I am currently benchmarking and optimizing a program that makes heavy use of rdrand
instructions.
When looking for suspected performance penalties from misaligned loads/stores, I noticed an excessively high value of the ls_misal_loads.ma64
(64-byte misaligned loads) performance counter, which clearly wasn't caused by the program's memory accesses alone. In fact, the value seemed to directly depend on the number of rdrand
instructions executed.
Even further, perf
reported a very high number of data cache accesses, which are seemingly caused by rdrand
as well.
Take the following minimalistic example program (rd.asm):
bits 64
global main
main:
mov rdx, 1000000 ; counter
.loop:
rdrand rax
dec rdx
jne .loop
ret
Compile with
nasm -f elf64 rd.asm
gcc rd.o
Then
perf stat -e instructions,all_data_cache_accesses,ls_misal_loads.ma64 -- ./a.out
yields for counter = 1,000,000:
Performance counter stats for './a.out':
3,666,525 instructions
24,422,483 all_data_cache_accesses
3,022,185 ls_misal_loads.ma64
...and for counter = 2,000,000:
Performance counter stats for './a.out':
6,695,889 instructions
48,458,162 all_data_cache_accesses
6,016,069 ls_misal_loads.ma64
So, doubling the number of executed rdrand
instructions seems to double the number of data cache accesses and misaligned loads.

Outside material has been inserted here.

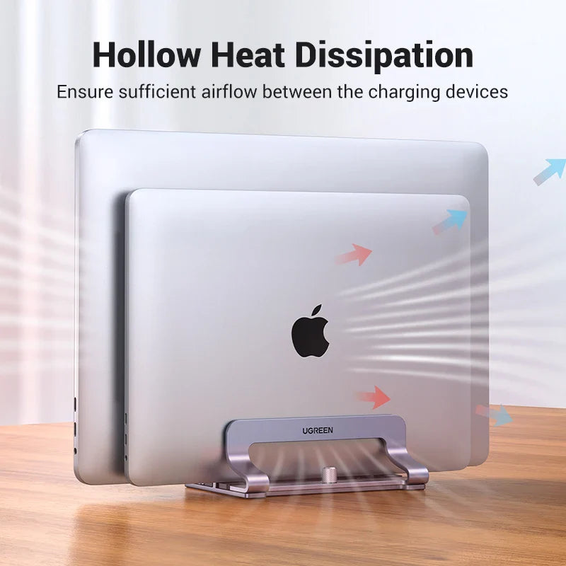 UGREEN vertical laptop stand features dual slot to cradle two laptops simultaneously in an upright position to optimize and organize your desktop space.

The measurements were done on an AMD EPYC 7763 CPU.
My questions:
- What is going on here? Why does
rdrand
(seem to) produce cache accesses, though it is supposed to be implemented solely on the CPU? - Can this high number for the given performance counter be dismissed as an artifact, or does it imply a further performance penalty besides the one caused by the latency of
rdrand
itself?